Growing Rhubarb

Growing Rhubarb

How to Grow Rhubarb

Rhubarb is one of those old fashion veggie garden plants that often gets overlooked and forgotten. If you are looking for a productive plant that 'gives' year after year, with only a little bit of care, then this one is for you.

About Rhubarb

Rhubarb's scientific name is Rheum rhabarbarum. It is a herbaceious perennial that grows from short, thick rhizomes. The stalks are edible and known for their strong, tart taste. However, the leaves are poisonous and need to be avoided.

Uses of Rhubarb

The stalks are often stewed with sugar to make a beautiful dessert with icecream or custard. It is also commonly used in dessert pies and even pickled.

Growing Rhubarb

If cared for, Rhubarb will grow and produce well for at least 10 to 15 years; and even longer.

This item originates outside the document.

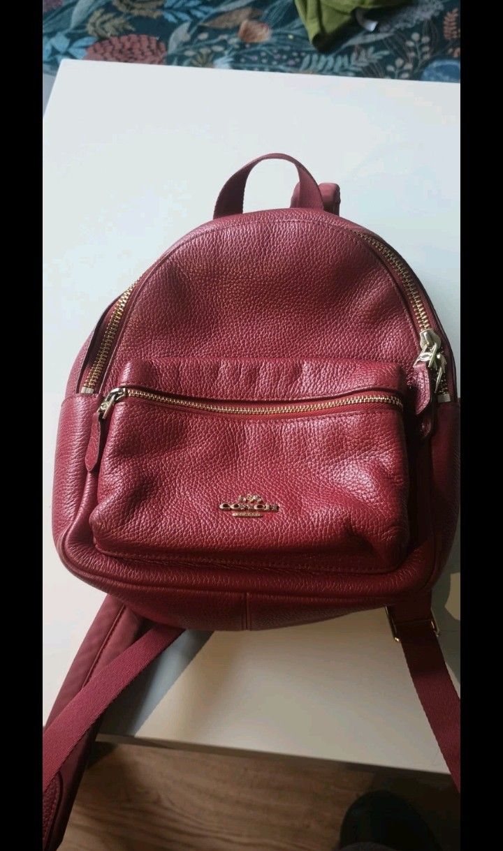 Condition: Like New Authentic Coach backpack made from red pebbled leather with the classic Coach logo on the front. Features a smooth zip closure, a roomy main compartment, and multiple inner pockets to keep things organized. Also includes an outer zip pocket for easy access to essentials. The pebbled leather has a nice texture and holds its shape well.
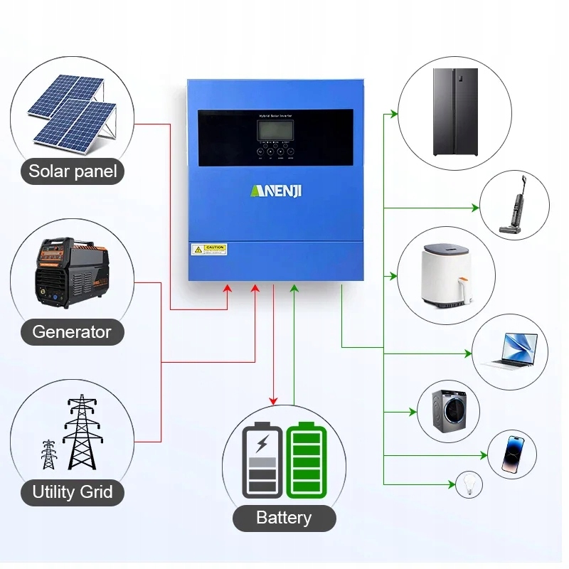 Например, дома мы можем использовать солнечную энергию, а когда она заканчивается, инвертор будет потреблять электроэнергию от подключенных, заряженных аккумуляторов или переключаться на питание от сети.

Soming growing specifics are:

  • It is best grown in cooler climates - excessive prolonged heat is its enemy.
  • Rhubarb will tolerate periods of dry.
  • The crown will rot if in excessively wet soils for prolonged periods of time.
  • Slighhtly acidic soil is preferred - pH 6.0 to 6.8.
  • Fertilise regulalry with liberal amounts of well aged manures (must not be fresh - these can burn the leaves).
  • Space rhubarb crowns at least 60cm apart.
  • Once mature, harvest is best during the months of spring.
  • When mature (best at about 5 years) the crown can be divided to produce additional plants. 

With only a little bit of care, you should enjoy your rhubarb for many years to come.